#### Problem requirements
Exclude the pictures, then restate every entry below exactly.

#### Dataset content
+===+
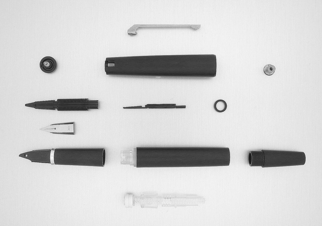Grazie mille Amadeus, avevo già visto quella foto dei componenti della penna ma ora ho compreso come fare: con una pinzetta ho tirato fuori abbastanza celermente e senza fatica alcuna il conduttore. Resta il pennino che è tenacemente agganciato al suo supporto e non viene via afferrandolo con della gomma. Per ora basta così.amadeus ha scritto: ↑domenica 24 settembre 2023, 21:20 in questo post su un forum tedesco c'è una fotografia della penna completamente smontata e si dice:
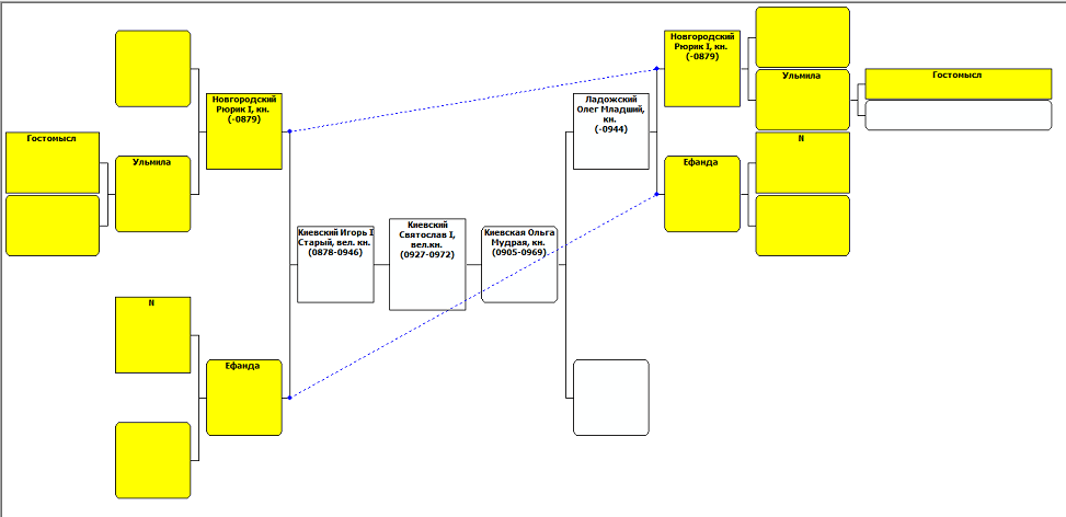 Тобто, майже всі персони у 6-7 поколінні від центральної, зустрічаються більше 1 разу у інших гілках. Вражає... Звісно, ми здебільшого "не граф'я", і у нас таких випадків буде набагато менше. Та й міграції останнього століття розширили географію для вибору супутника життя, що значно зменшило кількість родинних шлюбів. Просто цей приклад гарно показує суть цієї опції і у мене давно чухалися руки втілити у свою програму такого плану звіт, пристойних аналогів якого я не знайшов. Але й у моєму дереві серед прямих пращурів є з пів-десятка випадків, коли одна й та саме персона присутня у пращурах іншої гілки. Два з них (принаймні відомих мені) є й серед моїх нащадків. Ну і під кінець, щоб завершити опис опції "Редукції", наведу ще один маленький приклад, який буде простіше сприйнято, ніж таємниці датського двору.. У цьому прикладі Великий князь Київський Ігор I народив сина від доньки свого рідного брата Олега Ладожського. Тобто, від рідної племінниці народився великий князь Київський Святослав перший. Отак це все виглядає у програмі, якщо побудувати звіт від Святослава:
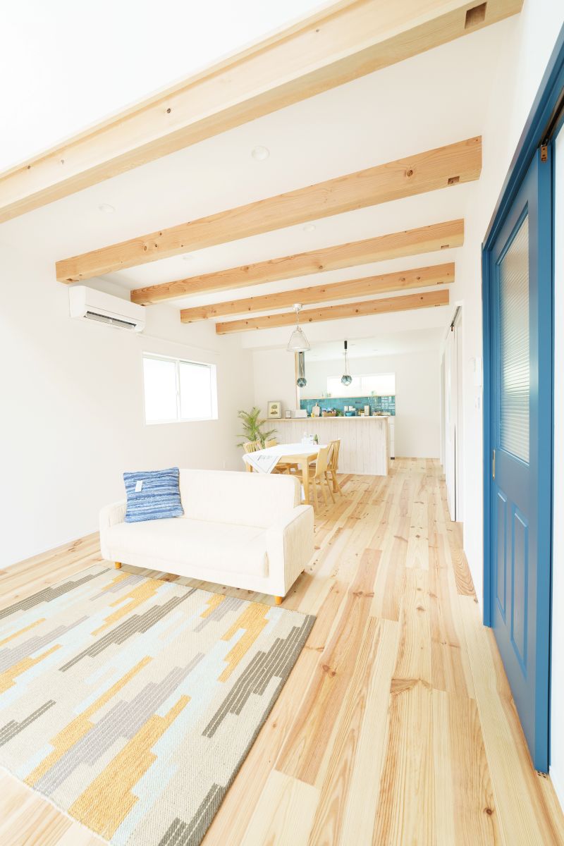 15帖のLDKの上部が大きな吹き抜けになっています。非常に開放感があり、2階とも繋がりやすい設計です。
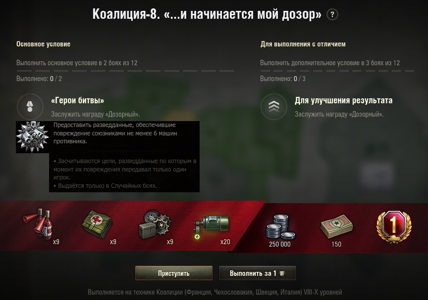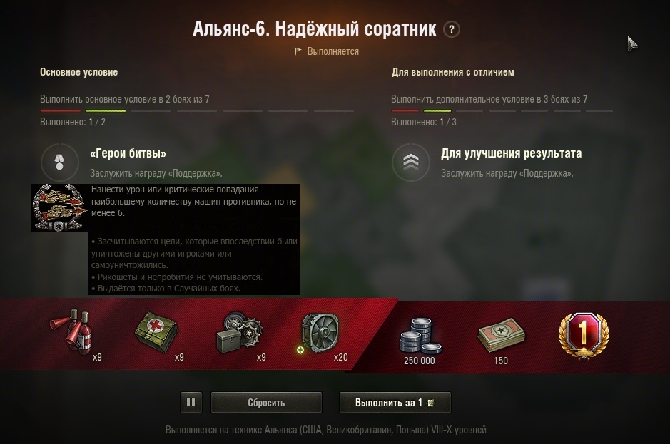 Потому что не всегда помнишь/знаешь все условия для получения медали. (Скриншоты как пример для наглядности). И вести учет выполнения условий для получения медали в бою. То есть, прогресс выполнения в бою для основного калибра - 15% нанесенного урона из из 20%, для поддержки - 3из6 и т.д.
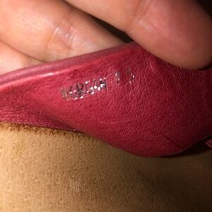 ♡ Women's size: US7.5, Red/Rose. Slip on wedge sandal, Lightweight feel, Three straps, Some stain, Pre-loved item looks in good condition to me, please be aware of some natural wear, stains and distressing. See descriptive photos for approximate measurements, condition, No care/material tags.
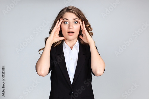 Portrait of young woman with shocked facial expression
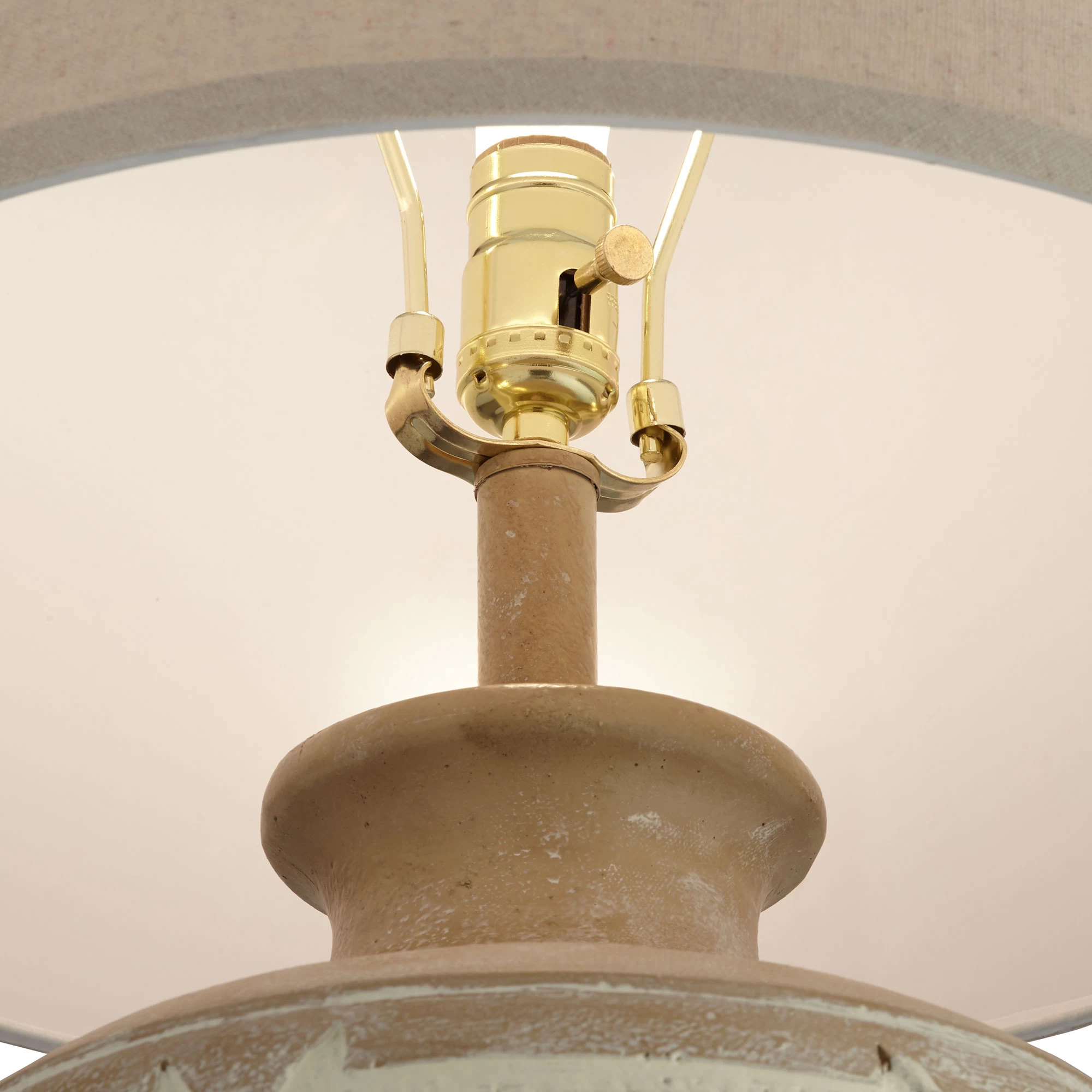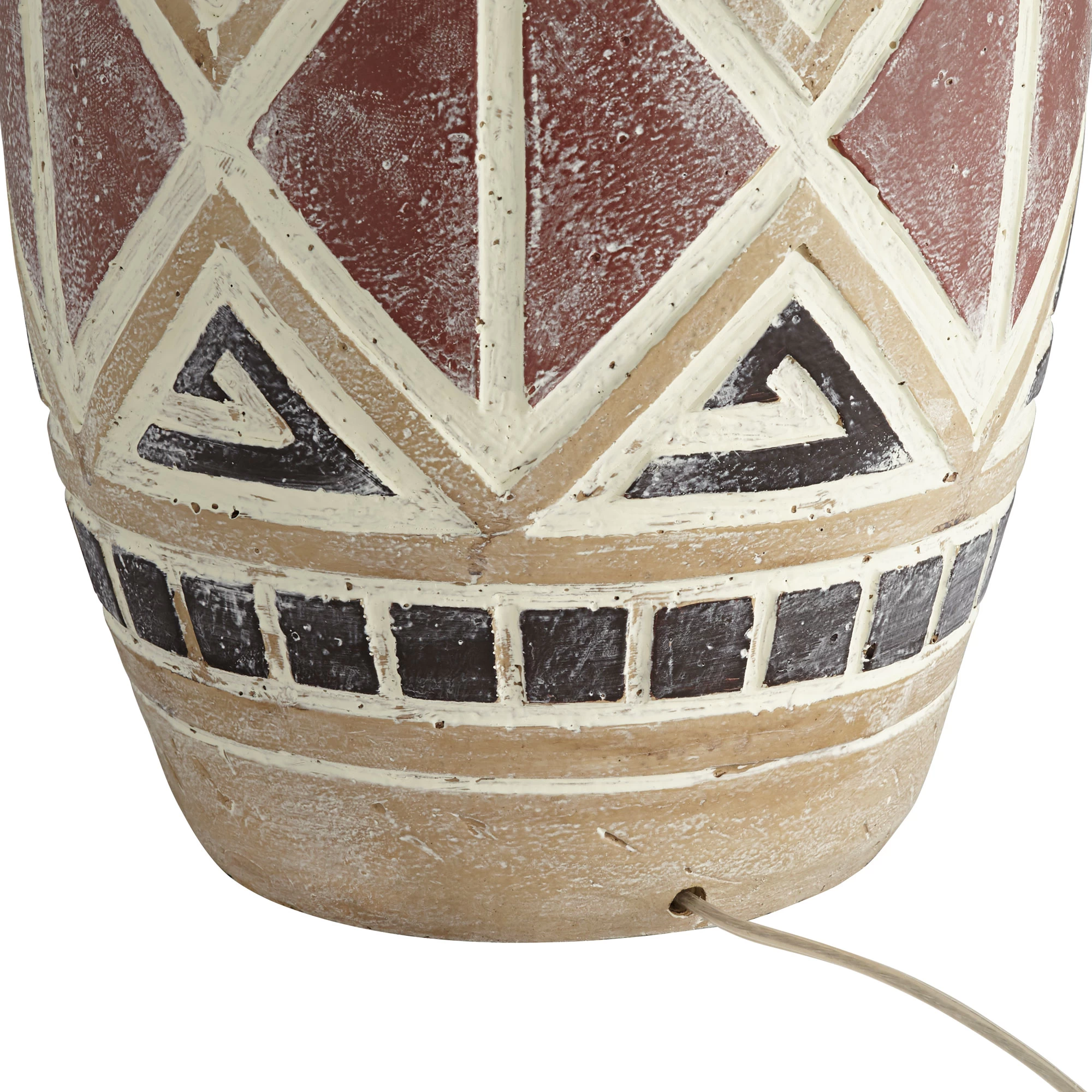 The Utica Table Lamp features a vase-shaped resin body encircled by a Southwestern inspired pattern. An oatmeal linen shade complements the earthy color palette that is sure to add a warm, inviting element to your decor. On/off rotary switch on socket.
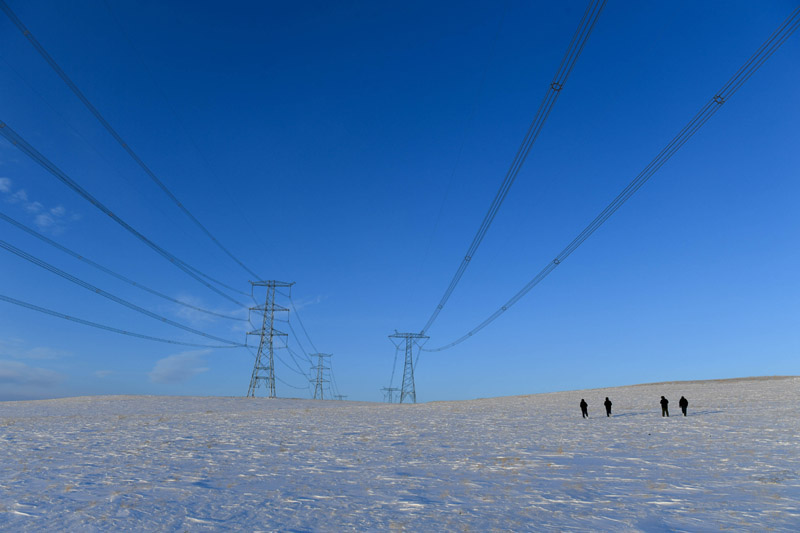 近日,内蒙古锡林郭勒盟锡林浩特市气温低于零下30摄氏度。国网蒙东检修公司锡林郭勒盟输电工区组织人员,重点对锡林郭勒盟-山东1000千伏特高压交流输变电工程等进行线路特巡,全力保障电力供应。
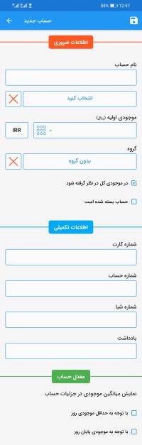 واحد پولی: در مقابل موجودی اولیه امکان انتخاب واحد پولی حساب جدید وجود دارد. توجه داشته باشید پس از ذخیره یا به عبارتی تعریف حساب جدید، امکان تغییر واحد پولی وجود ندارد. واحدهای پولی غیر ریالی در حال حاضر فقط در بخش تراکنش‌ها کاربرد دارد و در بخش‌های دیگر مانند چک، وام، طلب و بدهی قابل استفاده نیستند.
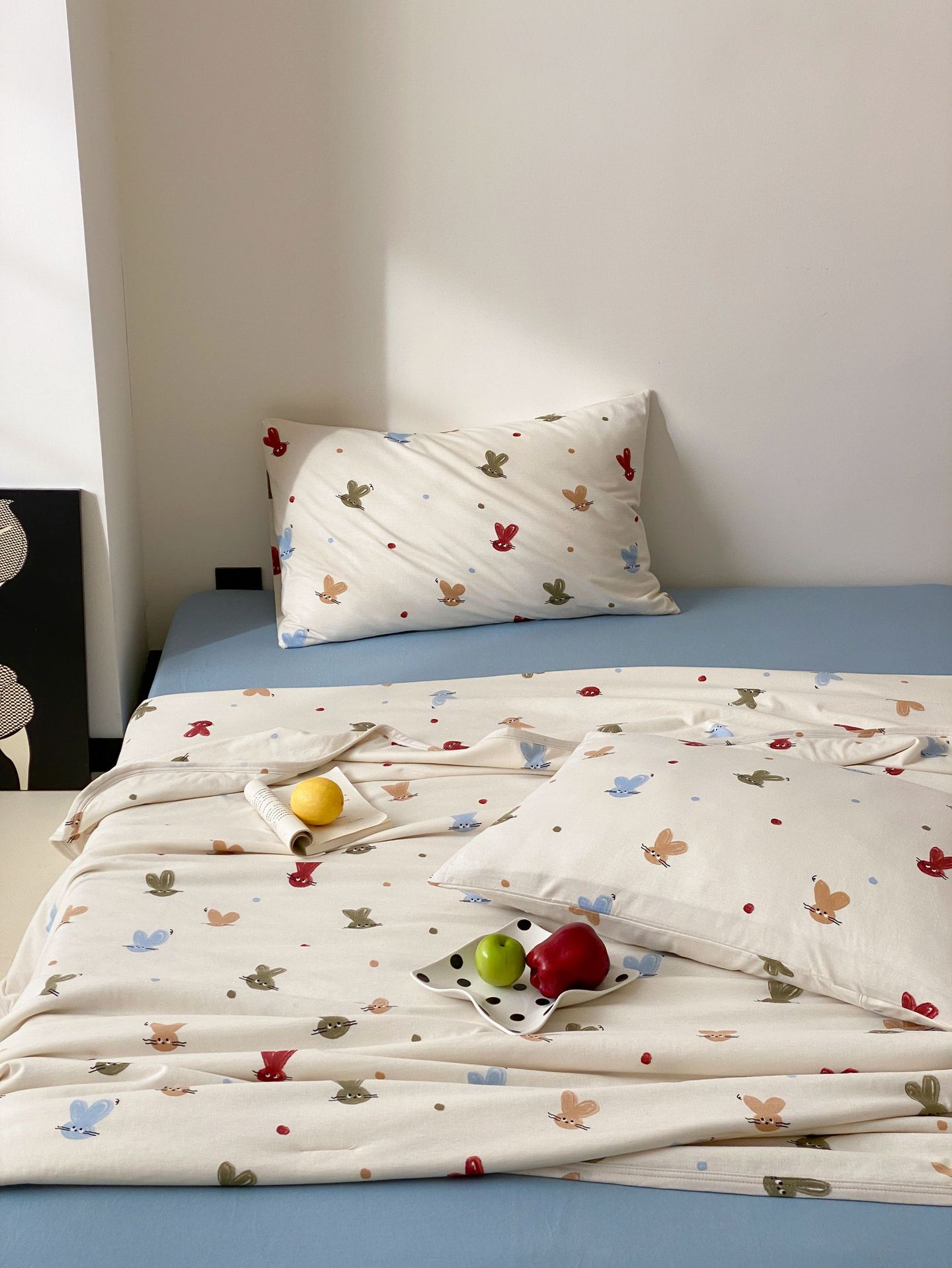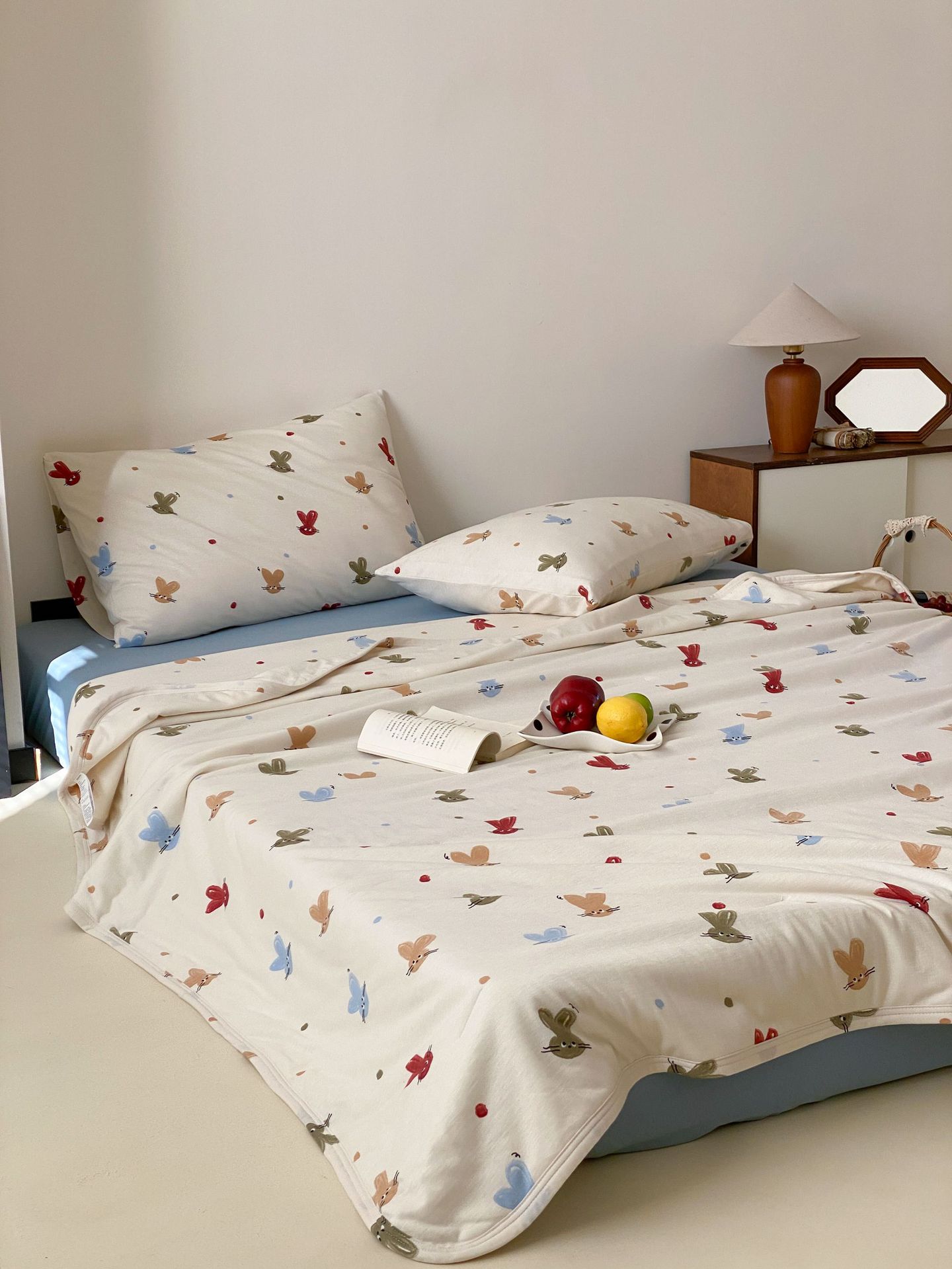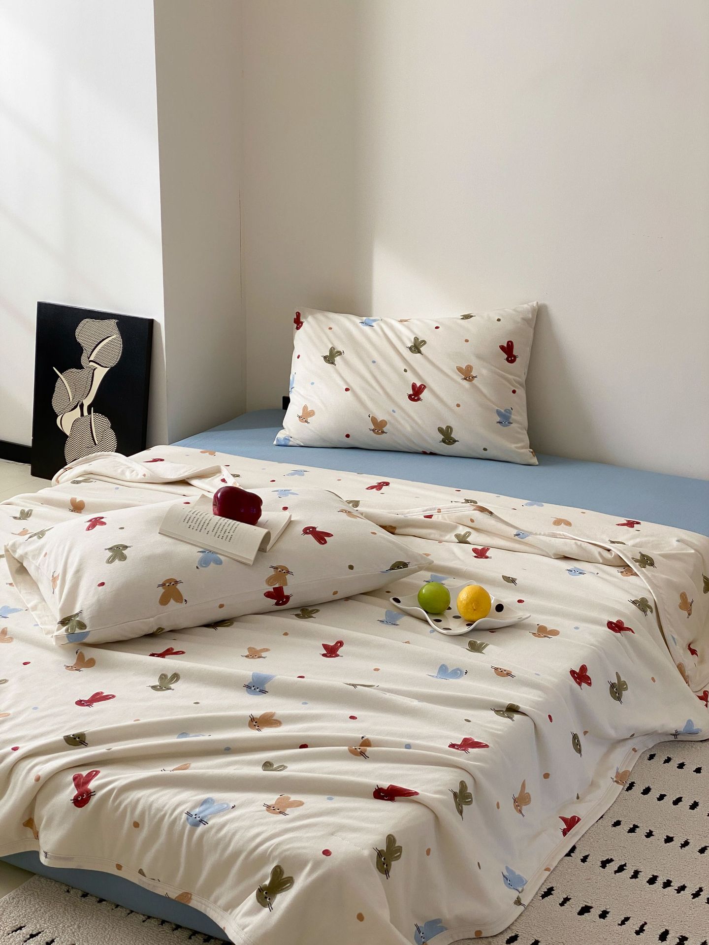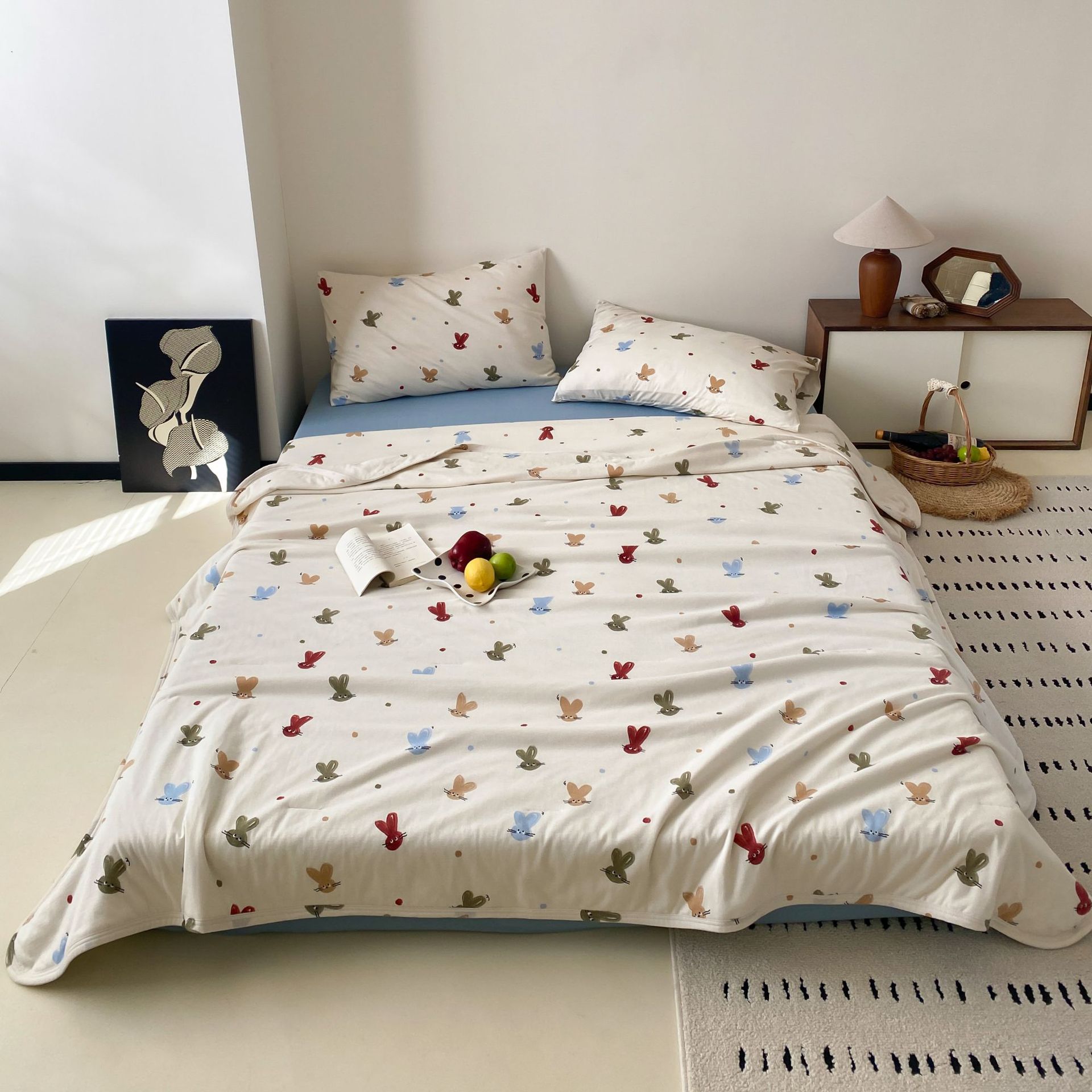 2025 봄과 여름 새로운 슈퍼 소프트 클래스 A 어린이 코튼 니트 여름 이불 피부 친화적 통기성 침구 1.2 m 침대
+===+
#### Answer below
Grazie mille Amadeus, avevo già visto quella foto dei componenti della penna ma ora ho compreso come fare: con una pinzetta ho tirato fuori abbastanza celermente e senza fatica alcuna il conduttore. Resta il pennino che è tenacemente agganciato al suo supporto e non viene via afferrandolo con della gomma. Per ora basta così.amadeus ha scritto: ↑domenica 24 settembre 2023, 21:20 in questo post su un forum tedesco c'è una fotografia della penna completamente smontata e si dice:
 Тобто, майже всі персони у 6-7 поколінні від центральної, зустрічаються більше 1 разу у інших гілках. Вражає... Звісно, ми здебільшого "не граф'я", і у нас таких випадків буде набагато менше. Та й міграції останнього століття розширили географію для вибору супутника життя, що значно зменшило кількість родинних шлюбів. Просто цей приклад гарно показує суть цієї опції і у мене давно чухалися руки втілити у свою програму такого плану звіт, пристойних аналогів якого я не знайшов. Але й у моєму дереві серед прямих пращурів є з пів-десятка випадків, коли одна й та саме персона присутня у пращурах іншої гілки. Два з них (принаймні відомих мені) є й серед моїх нащадків. Ну і під кінець, щоб завершити опис опції "Редукції", наведу ще один маленький приклад, який буде простіше сприйнято, ніж таємниці датського двору.. У цьому прикладі Великий князь Київський Ігор I народив сина від доньки свого рідного брата Олега Ладожського. Тобто, від рідної племінниці народився великий князь Київський Святослав перший. Отак це все виглядає у програмі, якщо побудувати звіт від Святослава:
 15帖のLDKの上部が大きな吹き抜けになっています。非常に開放感があり、2階とも繋がりやすい設計です。
 Потому что не всегда помнишь/знаешь все условия для получения медали. (Скриншоты как пример для наглядности). И вести учет выполнения условий для получения медали в бою. То есть, прогресс выполнения в бою для основного калибра - 15% нанесенного урона из из 20%, для поддержки - 3из6 и т.д.
 ♡ Women's size: US7.5, Red/Rose. Slip on wedge sandal, Lightweight feel, Three straps, Some stain, Pre-loved item looks in good condition to me, please be aware of some natural wear, stains and distressing. See descriptive photos for approximate measurements, condition, No care/material tags.
 Portrait of young woman with shocked facial expression
 The Utica Table Lamp features a vase-shaped resin body encircled by a Southwestern inspired pattern. An oatmeal linen shade complements the earthy color palette that is sure to add a warm, inviting element to your decor. On/off rotary switch on socket.
 近日,内蒙古锡林郭勒盟锡林浩特市气温低于零下30摄氏度。国网蒙东检修公司锡林郭勒盟输电工区组织人员,重点对锡林郭勒盟-山东1000千伏特高压交流输变电工程等进行线路特巡,全力保障电力供应。
 واحد پولی: در مقابل موجودی اولیه امکان انتخاب واحد پولی حساب جدید وجود دارد. توجه داشته باشید پس از ذخیره یا به عبارتی تعریف حساب جدید، امکان تغییر واحد پولی وجود ندارد. واحدهای پولی غیر ریالی در حال حاضر فقط در بخش تراکنش‌ها کاربرد دارد و در بخش‌های دیگر مانند چک، وام، طلب و بدهی قابل استفاده نیستند.
 2025 봄과 여름 새로운 슈퍼 소프트 클래스 A 어린이 코튼 니트 여름 이불 피부 친화적 통기성 침구 1.2 m 침대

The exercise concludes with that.